Problem details - Taking the line with "Un joli bonnet" as the first and the line with "Dřevěné klínky (smrk), rozměr" as the last, set down the lines below exactly, pictures excluded.

Data records -
────
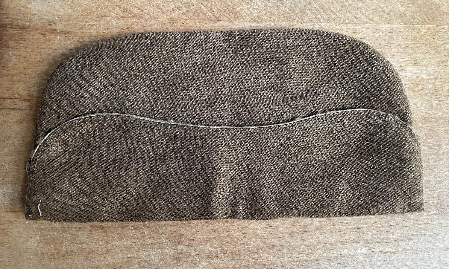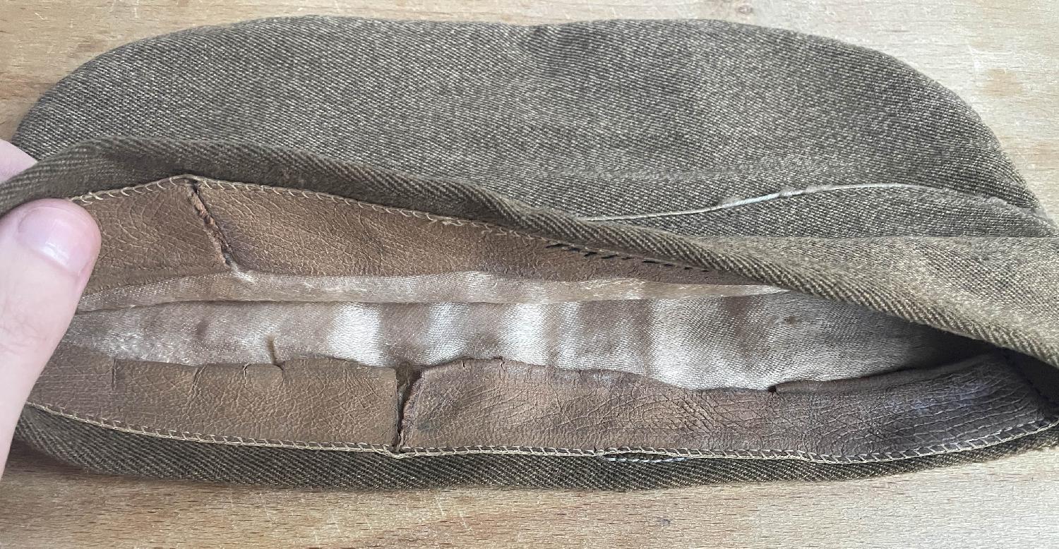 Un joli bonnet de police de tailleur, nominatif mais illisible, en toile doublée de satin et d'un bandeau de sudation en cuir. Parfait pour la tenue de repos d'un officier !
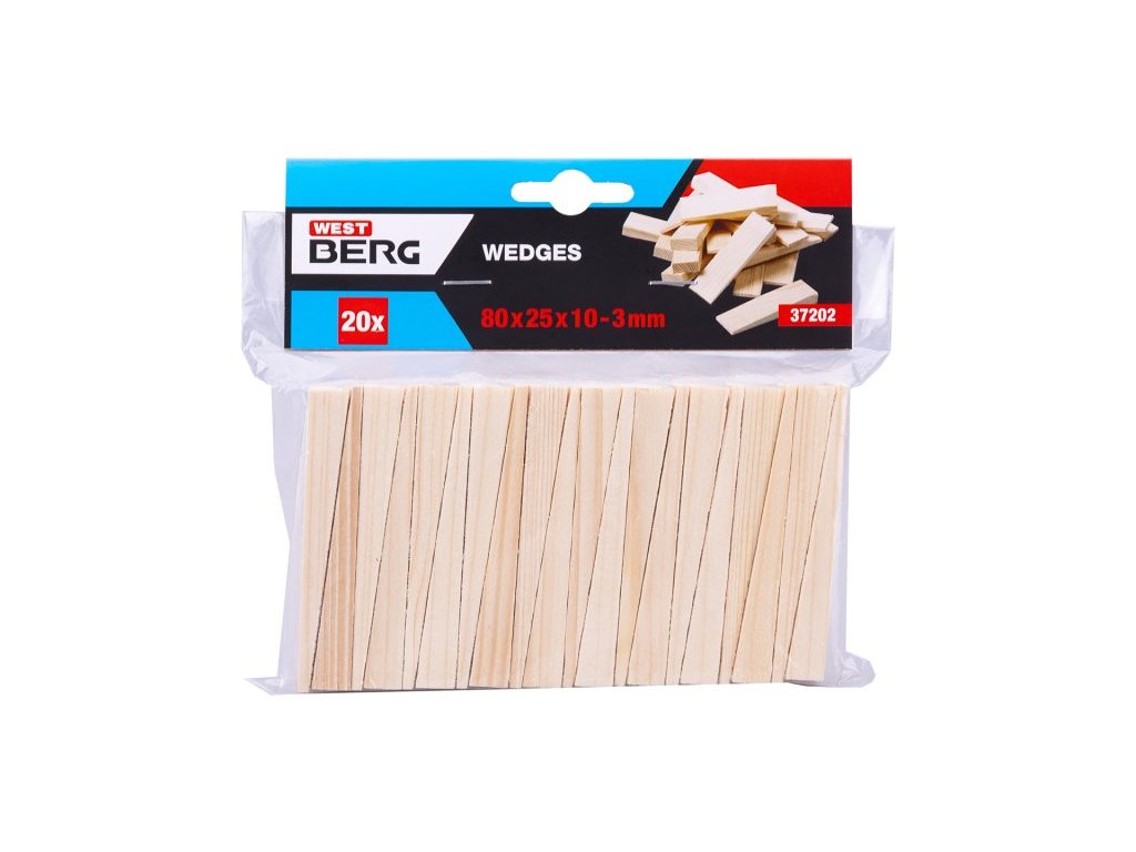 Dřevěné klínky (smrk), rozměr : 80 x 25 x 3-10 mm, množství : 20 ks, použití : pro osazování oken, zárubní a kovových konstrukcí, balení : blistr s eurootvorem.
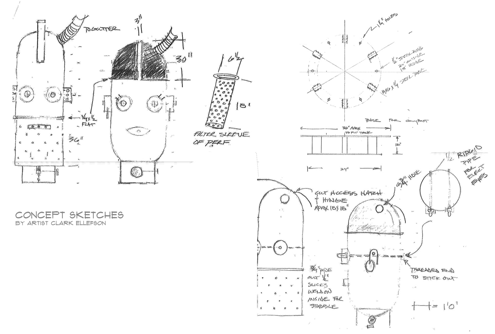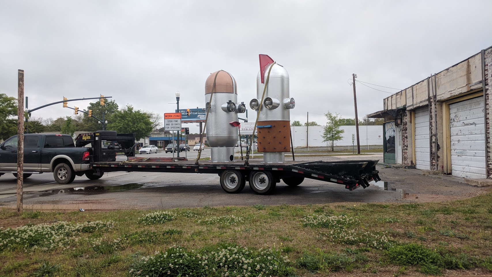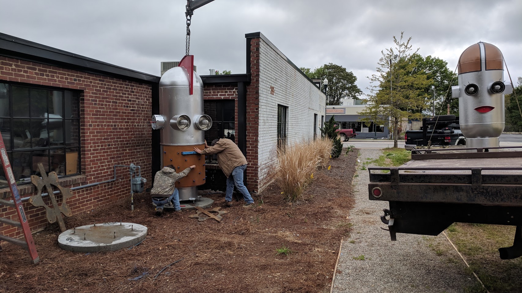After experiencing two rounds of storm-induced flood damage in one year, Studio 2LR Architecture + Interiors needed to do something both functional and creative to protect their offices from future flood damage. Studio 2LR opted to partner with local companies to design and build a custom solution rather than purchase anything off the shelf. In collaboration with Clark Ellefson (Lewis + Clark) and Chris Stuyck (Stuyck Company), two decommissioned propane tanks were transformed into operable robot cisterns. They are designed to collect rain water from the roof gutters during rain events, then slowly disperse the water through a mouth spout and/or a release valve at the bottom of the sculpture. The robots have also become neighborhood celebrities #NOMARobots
────
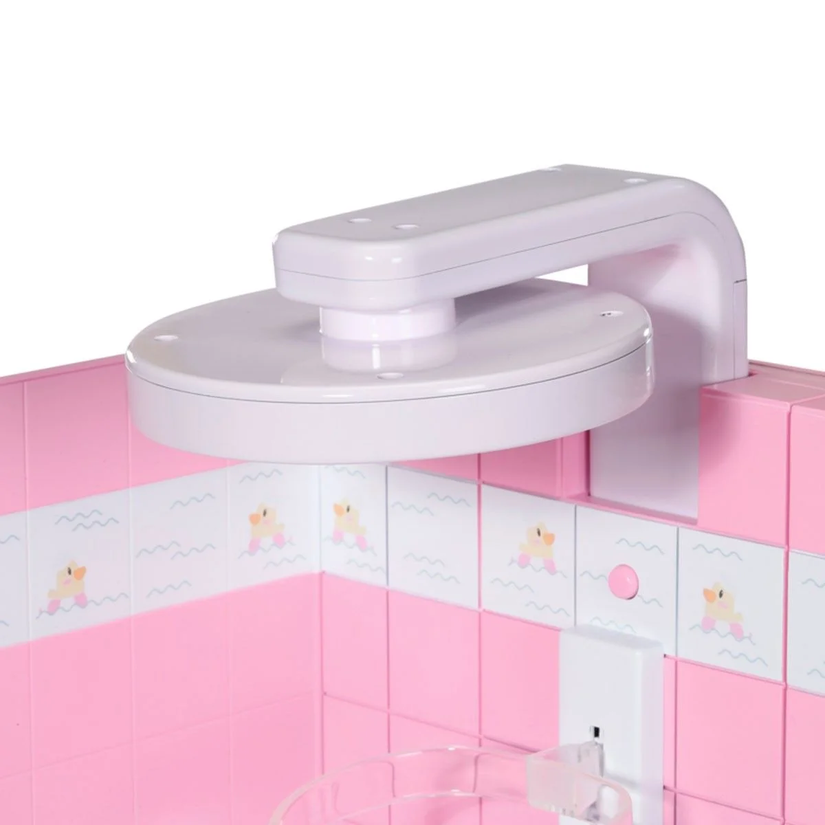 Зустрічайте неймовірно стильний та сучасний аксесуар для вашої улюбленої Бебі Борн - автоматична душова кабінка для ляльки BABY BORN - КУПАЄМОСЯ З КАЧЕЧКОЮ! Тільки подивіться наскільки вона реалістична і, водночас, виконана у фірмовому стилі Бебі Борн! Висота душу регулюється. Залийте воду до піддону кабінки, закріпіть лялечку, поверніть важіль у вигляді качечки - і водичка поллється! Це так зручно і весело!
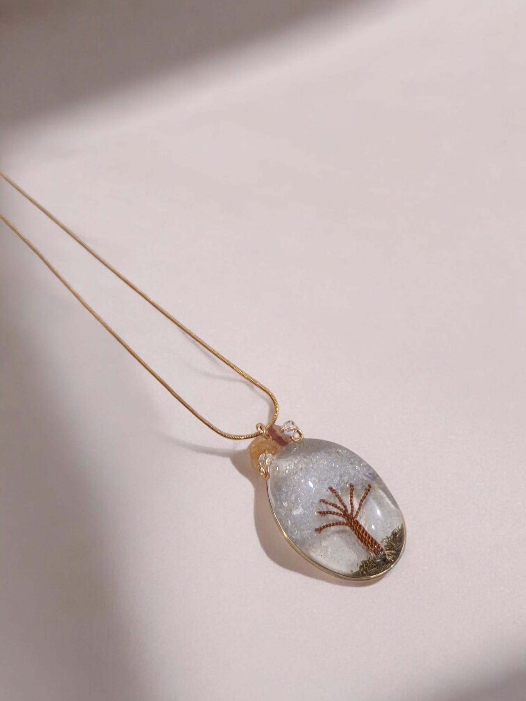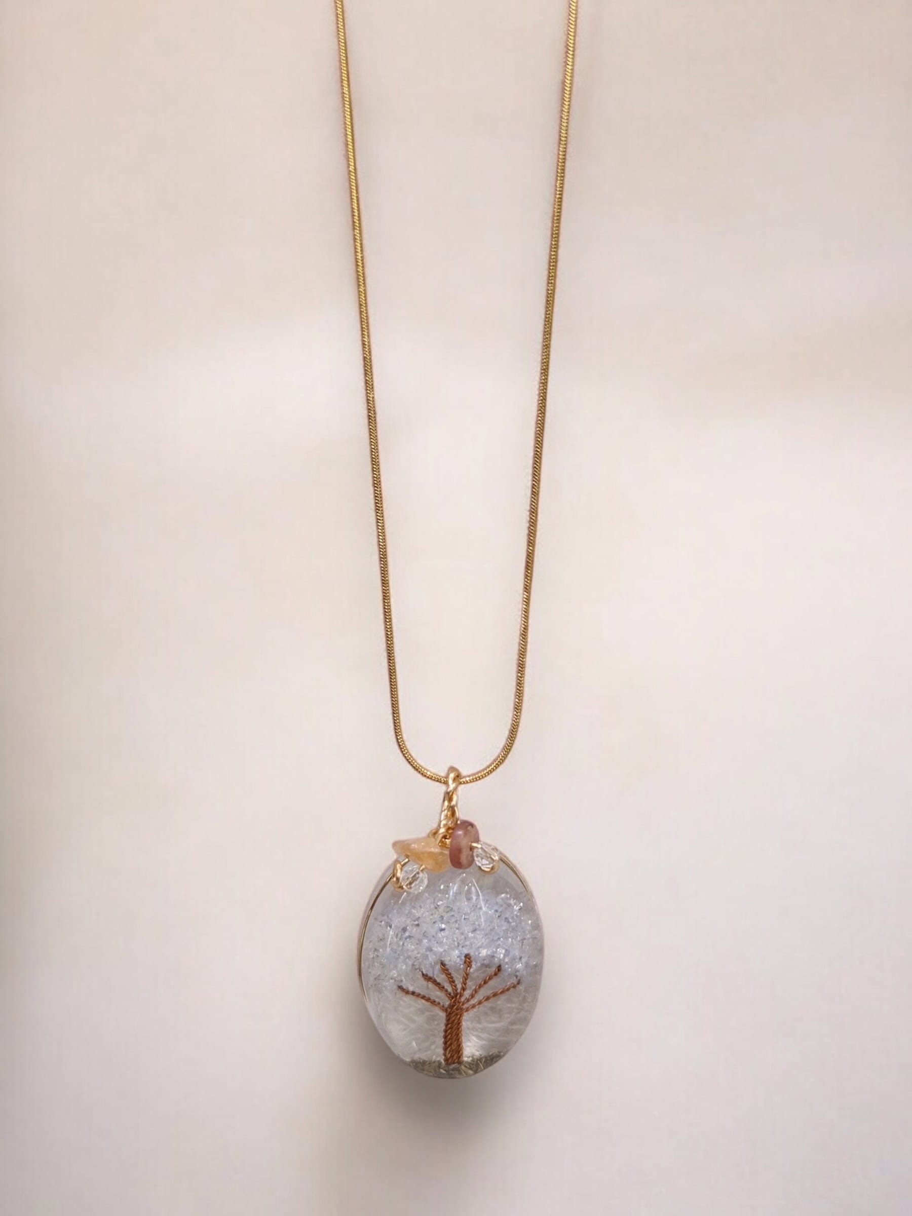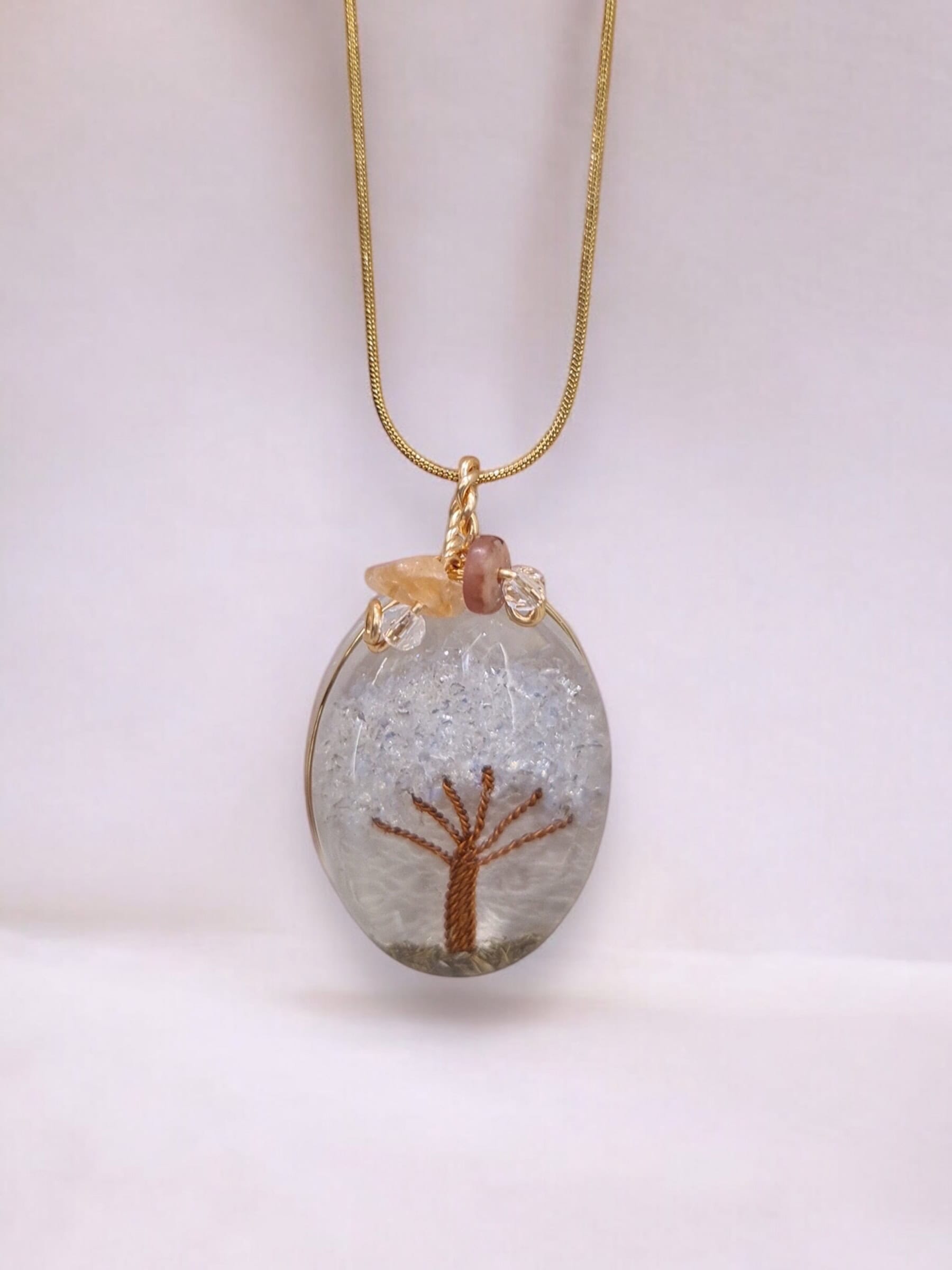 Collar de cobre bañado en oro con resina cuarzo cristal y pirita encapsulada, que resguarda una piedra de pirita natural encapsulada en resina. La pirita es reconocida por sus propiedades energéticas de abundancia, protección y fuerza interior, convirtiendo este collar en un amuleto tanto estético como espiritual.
────
Reply -
 Un joli bonnet de police de tailleur, nominatif mais illisible, en toile doublée de satin et d'un bandeau de sudation en cuir. Parfait pour la tenue de repos d'un officier !
 Dřevěné klínky (smrk), rozměr : 80 x 25 x 3-10 mm, množství : 20 ks, použití : pro osazování oken, zárubní a kovových konstrukcí, balení : blistr s eurootvorem.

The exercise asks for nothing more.